La decorazione più spettacolare è sicuramente la Stanza dei Giganti, dove c’è una camera
oscura, con gli angoli smussati.
Loggia voltata a botte che si affaccia sul giardino: ci sono gruppi di quattro colonne che
sorreggono una serie di tre archi inquadranti le visuali verso il giardino.
BORROMINI
Borromini sosteneva che la scultura si basasse sulla natura, su Michelangelo e sugli
antichi. Michelangelo rappresentava una fonte di licenze architettoniche; gli edifici
architettonici cui Borromini faceva riferimento non erano quelli classici, come il
Pantheon o il Colosseo, ma episodi più eclettici (edifici desunti da Villa Adriana).

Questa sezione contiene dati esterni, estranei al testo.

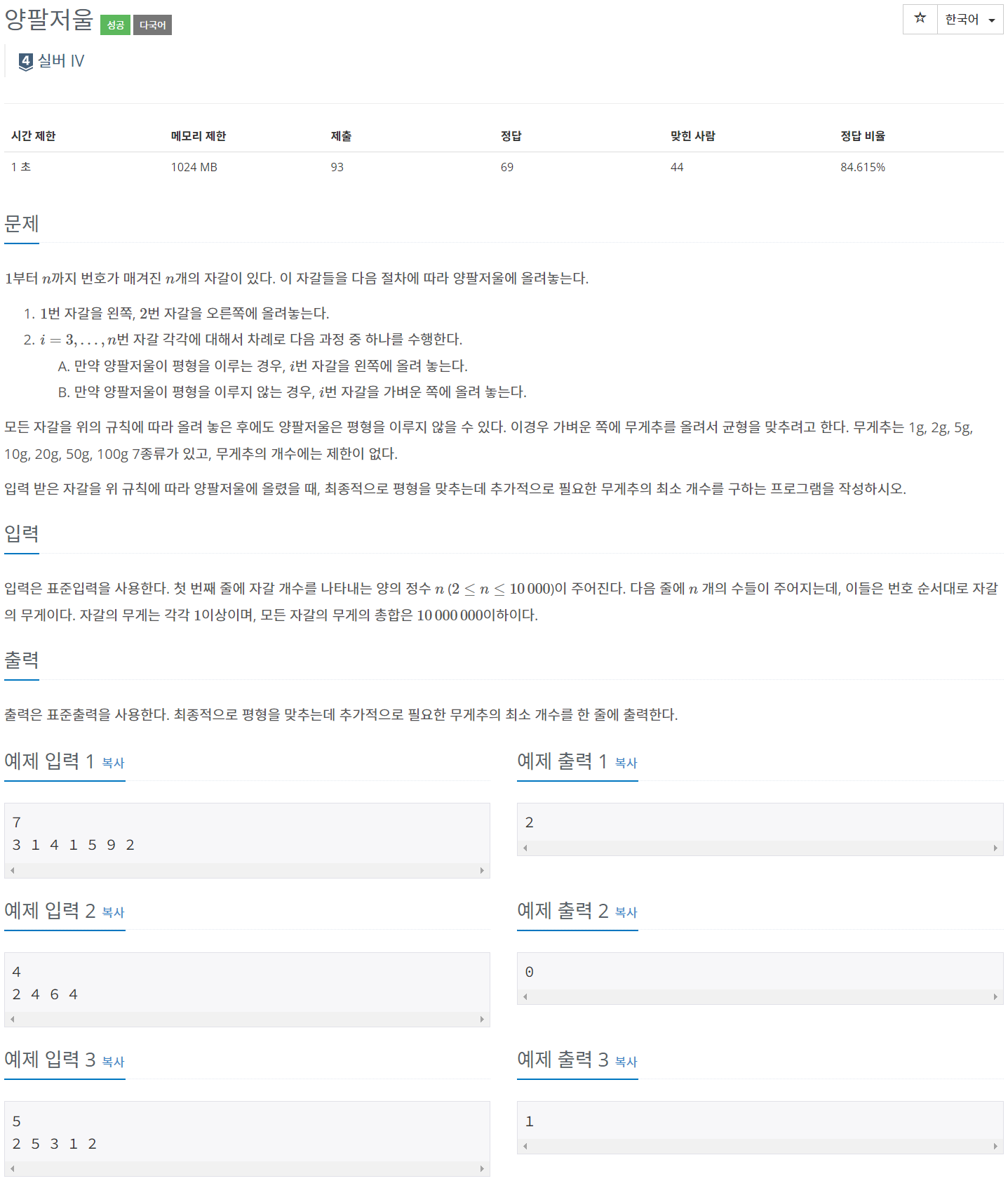 백준 BAEKJOON 25943번 양팔저울 [PYTHON/파이썬]

Borromini iniziò la propria attività a San Pietro nel 1620 come intagliatore di pietra
sotto la direzione di Carlo Maderno; lavorò anche sotto il controllo di Bernini nel
Baldacchino. I suoi incarichi, a differenza di Bernini, non gli pervennero dal papa, ma
furono commissioni più umili o più specifiche, come:
- l’ordine povero spagnolo dei Trinitari scalzi
- l’ordine degli Oratoriani
- l’università di Roma.
Il suo primo incarico indipendente è del 1634, ovvero la CHIESA DI SAN CARLO
ALLE QUATTRO FONTANE per l’ordine dei Trinitari Scalzi. Il progetto di
Borromini prevedeva la costruzione della chiesa e del monastero. I profondi cassettoni
alveolati si ispirano probabilmente a quelli del mausoleo di Santa Costanza del IV
secolo. Borromini attirò l’attenzione sulla propria chiesa rifiutando il colore
all’interno, che appare prevalentemente grigia: la policromia era estranea al suo
linguaggio. L’originalità della chiesa colpì i contemporanei. La facciata ondulata
venne completata solo dopo la morte del suo architetto. Il contrasto tra forme concave
e convesse determina la composizione dell’intera facciata. L’uso di due ordini giganti
con colonne di uguale altezza ad ogni piano riprende i Palazzi Capitolini di
Michelangelo.
La facciata di San Carlo era stata anticipata nella facciata curvilinea
dell’ORATORIO DEI FILIPPINI, uno dei principali ordini dopo la controriforma. I
mattoni in questa facciata sono perfettamente allineati e seguono la tecnica usata
nell’età imperiale.
Nella CAPPELLA DEI RE MAGI AL COLLEGGIO DI PROPAGANDA FIDE
gli pseudo costoloni della volta si intrecciano in diagonale in tutto il soffitto.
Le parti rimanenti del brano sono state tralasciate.